The non-deterministic nature of concurrent systems (remembering what we discussed in Chapter 1-3)
Concurrent processes  give rise to a large number of possible interaction sequences because the execution of sequences of the different processes may be interleaved in many ways. In the case of independent concurrency (as for instance defined by parallel regions of UML State diagrams) one assumes by default that there is no interrelationship between the concurrent processes (no communication, no shared resources, nor shared variables). This has the advantage, that the behavior of each process can be analysed independently of the other processes. However, the number of possible overall execution sequences is the largest, because the actions of the different processes may be interleaved arbitrarily in the global execution trace. An example is shown in the following diagrams, where (a) and (b) represent two independent processes, defined in the form of LTSs, and (c) shows the resulting global behavior (obtained by reachability analysis - which is simple in this case). In this example, one assumes that the LTS transitions take no time, therefore the execution of two transitions of two different LTSs can be assumed to be sequential, one after the other, and when the LTS are independent and two transitions of different LTSs are enabled, then their order of execution is not determined; there is therefore some non-determinism introduced by this form of concurrency. This is called interleaving semantics.
 
       
The main point is that one cannot predict which execution path will be taken by the interleaving concurrent processes. If, let us assume, there is some dependency between the two processes which leads to some possible difficulties when the transition z is taken from the global state (3, C), then it is very difficult to test the system to ensure that this dependency is correctly implemented. We cannot control the system to go through a particular path. It is worse if one does not know where a problem may reside in an implementation - the chances to execute a transition path that encounters the problem is very small indead during normal testing.
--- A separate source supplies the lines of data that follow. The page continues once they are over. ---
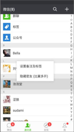 1、打开比翼多开app,然后启动微信,在通讯录中长按该好友;
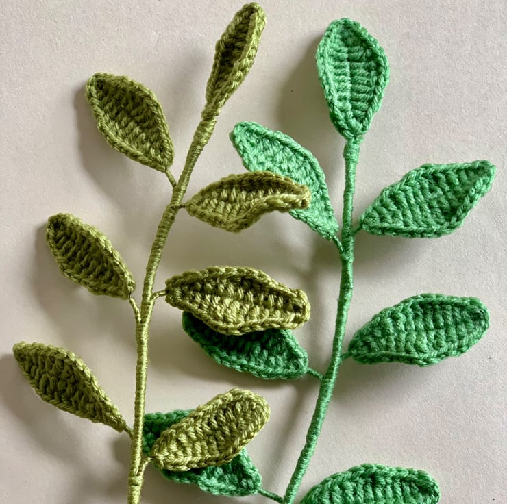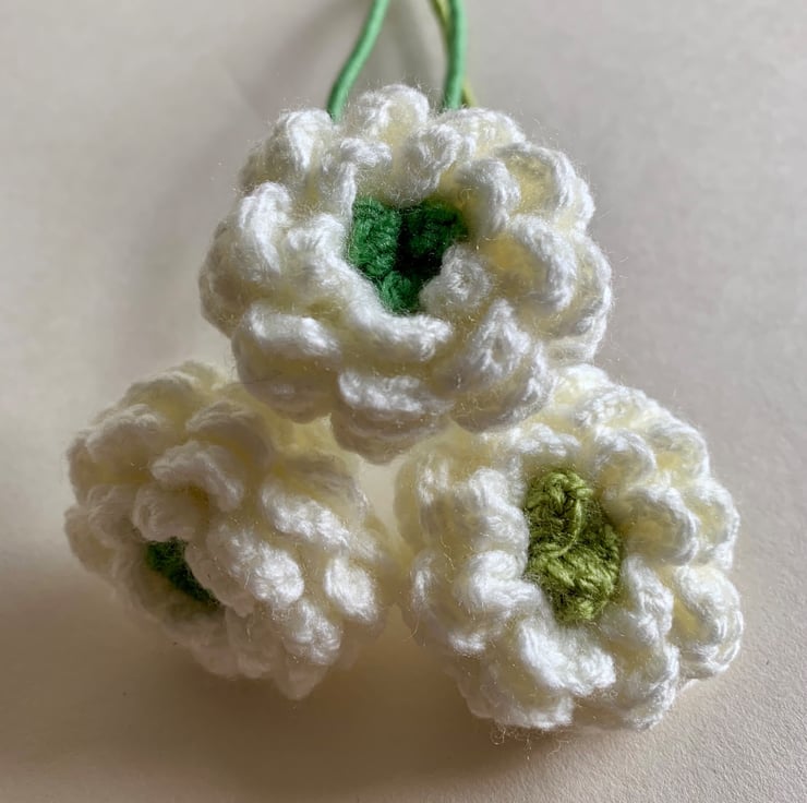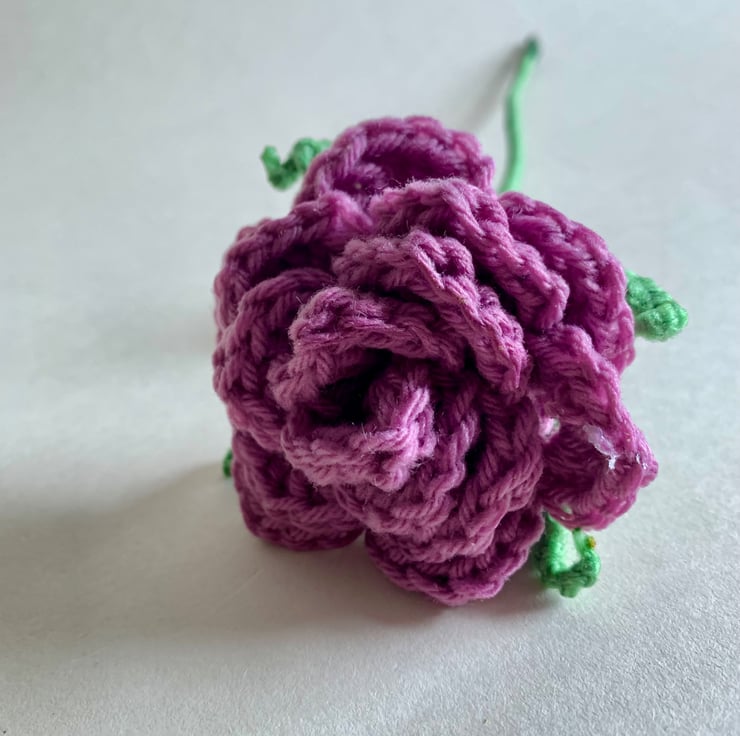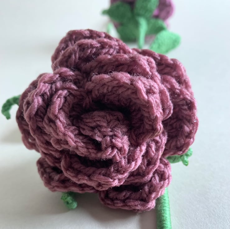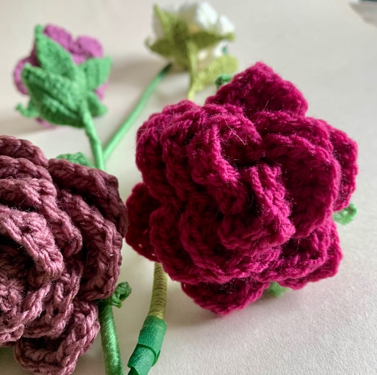 All the flowers and leaves are hand crocheted using acrylic yarn. The bouquet consists of four crochet roses, three ranunculus and three stems of leaf foliage, making a bouquet to last forever.
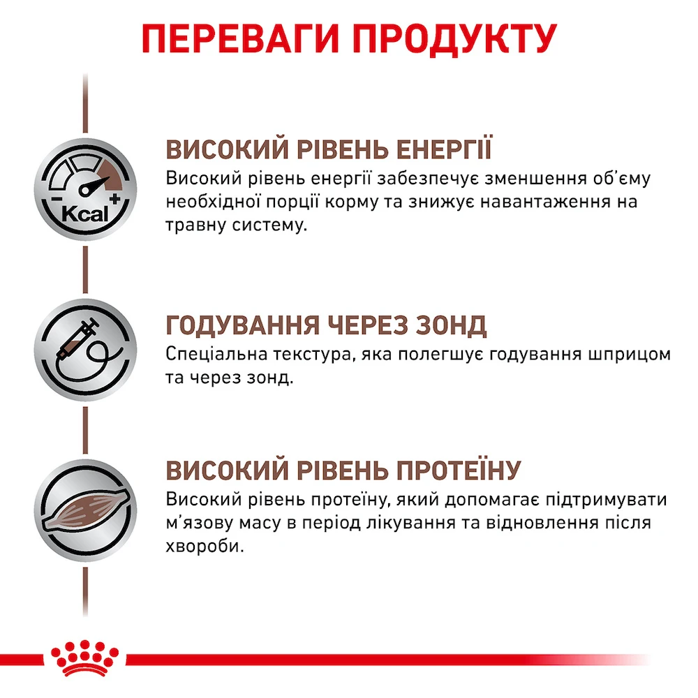 Після операції або важкого захворювання вихованцеві потрібне лікувальне харчування з оптимальним складом і хорошими смаковими якостями. Спеціально для таких випадків розроблено Роял Канін Рекавері для собак - однорідний мус з адаптованою формулою, який підходить для звичайної годівлі та введення через зонд (розмір трубки понад 10Fr). Коли стан здоров'я відновлюється, тварину переводять на стандартні раціони з урахуванням породи та віку.
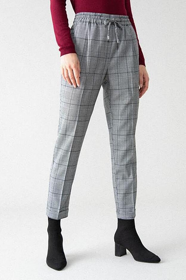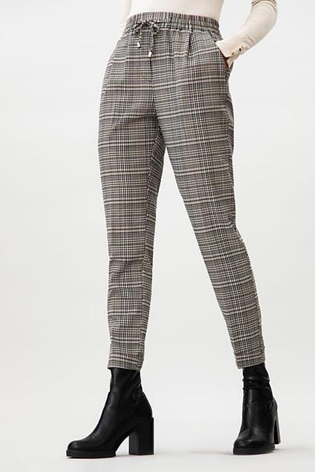 En diseño estampado también encontramos dos propuestas diferentes, una de ellas en color gris con print de príncipe de Gales en negro y otra en tonos grises y blancos. Tiene la cintura elástica con cordón acabado en detalle metalizado, bolsillos laterales y bajos recogidos.
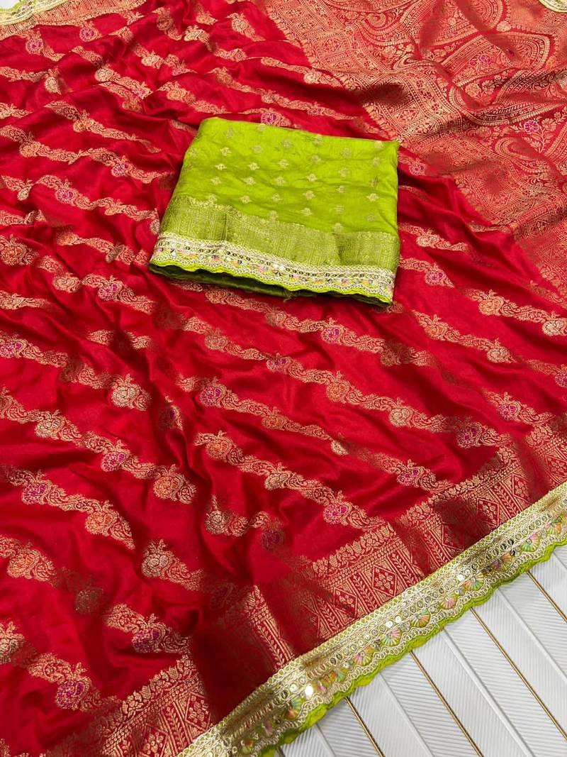 Red color designer dola silk blnd zari weaving saree

Conclusion: Concurrent systems are very difficult to test for correctness. Therefore one should try to verify by logical reasoning.
 Some notes on the
  "message passing" concept 
"Message passing" means that one process sends a
  message to another process and then continues its local
  processing. The message may take some time to get to the other
  process and may be stored in the input queue of the destination
  process if the latter is not immediately ready to receive the
  message. Then the message is received by the destination process,
  when the latter arrives at a point in its local processing where
  it is ready to receive messages. This is called asynchronous
  message passing (because sending and receiving is not at the same
  time, although the reception is necessarily after the sending). 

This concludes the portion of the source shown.